* Required action *
Starting at the line containing "Two‑tone navy and" and ending at the line containing "本レポートは、プラントエンジ", print every line of the material below exactly, both ends included, and stop there.

++++ Data shown

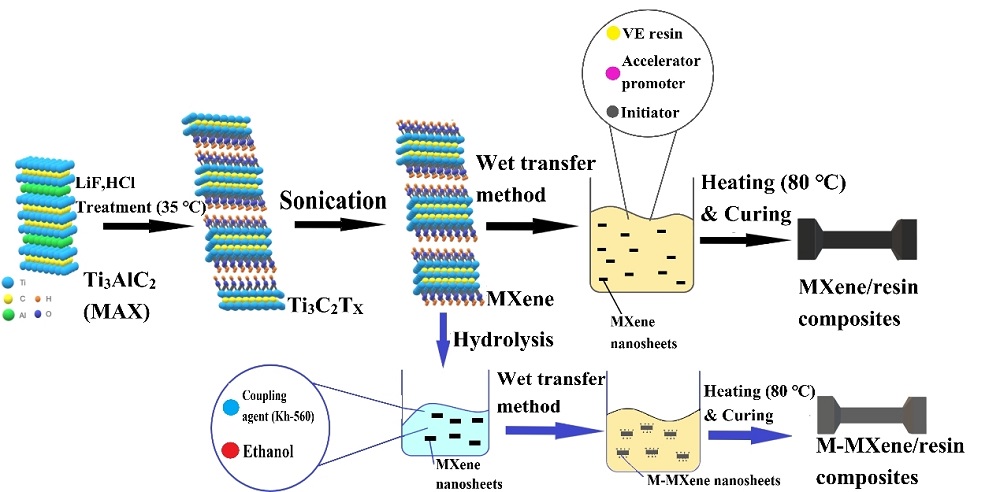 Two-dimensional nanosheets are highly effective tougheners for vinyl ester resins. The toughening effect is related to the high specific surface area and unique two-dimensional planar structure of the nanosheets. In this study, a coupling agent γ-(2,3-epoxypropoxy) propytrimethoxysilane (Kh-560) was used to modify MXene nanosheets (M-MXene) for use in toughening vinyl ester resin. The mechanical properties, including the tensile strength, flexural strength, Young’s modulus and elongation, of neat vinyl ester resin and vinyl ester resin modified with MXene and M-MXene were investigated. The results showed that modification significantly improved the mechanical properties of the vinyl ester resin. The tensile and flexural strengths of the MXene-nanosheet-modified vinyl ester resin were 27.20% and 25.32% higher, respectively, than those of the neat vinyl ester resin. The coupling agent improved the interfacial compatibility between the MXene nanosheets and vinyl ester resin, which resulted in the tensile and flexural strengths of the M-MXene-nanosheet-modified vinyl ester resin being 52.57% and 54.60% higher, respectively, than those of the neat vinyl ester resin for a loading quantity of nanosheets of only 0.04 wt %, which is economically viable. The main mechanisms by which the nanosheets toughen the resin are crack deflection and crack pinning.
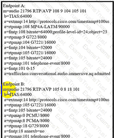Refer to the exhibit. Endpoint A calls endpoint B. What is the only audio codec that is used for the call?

++++++++
++++ Data shown

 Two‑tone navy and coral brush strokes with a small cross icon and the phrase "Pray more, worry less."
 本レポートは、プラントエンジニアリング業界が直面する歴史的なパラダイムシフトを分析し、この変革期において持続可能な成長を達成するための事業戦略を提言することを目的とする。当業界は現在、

++++++++

* Completed task *
 Two‑tone navy and coral brush strokes with a small cross icon and the phrase "Pray more, worry less."
 本レポートは、プラントエンジニアリング業界が直面する歴史的なパラダイムシフトを分析し、この変革期において持続可能な成長を達成するための事業戦略を提言することを目的とする。当業界は現在、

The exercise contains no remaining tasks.